Kenneth T. Jackson of Columbia University and Jacqueline Jones of Wellesley College on April 3 were awarded the 1986 Bancroft Prizes in American history in ceremonies at Columbia University.
Kenneth Jackson won the award for his book Crabgrass Frontier: The Suburbanization of the United States, published by Oxford University Press, and Jacqueline Jones for her book Labor of Love, Labor of Sorrow: Black Women, Work, and the Family from Slavery to the Present, published by Basic Books.
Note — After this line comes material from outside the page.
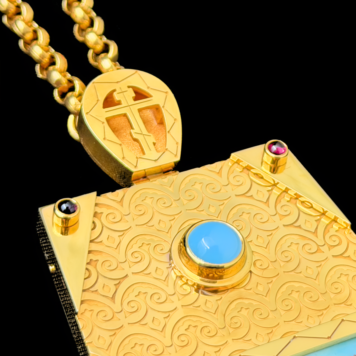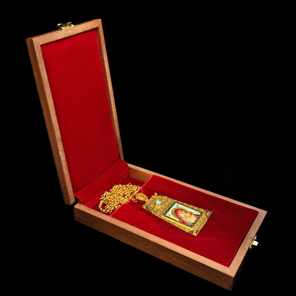 | Вставки | Иконопись на перламутре, гранат родолит, халцедон голубой | |

Each winner received $4,000.
Columbia President Michael I. Sovern presented the awards at a formal dinner sponsored by the Friends of the Columbia Libraries in the rotunda of Low Memorial Library on the university’s Morningside Heights campus.
Jackson, forty-six, is director of graduate studies in history and professor of history at Columbia, where he has been a faculty member since 1968. A native of Memphis, he received the BA, magna cum laude, from Memphis State University in 1961 and the MA and PhD degrees from the University of Chicago in 1963 and 1966, respectively.
A member of the editorial boards of a number of distinguished professional journals, Kenneth Jackson is the general editor of the Columbia History of Urban Life and the project director and editor in-chief of The New York Encyclopedia, a joint venture of Columbia and Yale Universities. He is the author of numerous articles, essays, and books. Crabgrass Frontier was a selection of the History Book Club and the subject of special sessions at the American Historical Association’s Annual Meeting in 1985.
He has won several competitive awards, including a Guggenheim Fellowship, an American Council of Learned Societies Fellowship, two Woodrow Wilson Fellowships, and two National Endowment for the Humanities Senior Fellowships. He has lectured at more than sixty colleges and universities in the United States, Canada, Europe, and Asia and has appeared on network television more than a dozen times as a specialist in urban affairs. He is a member of the American Historical Association and was elected a fellow of the Society of American Historians in 1970.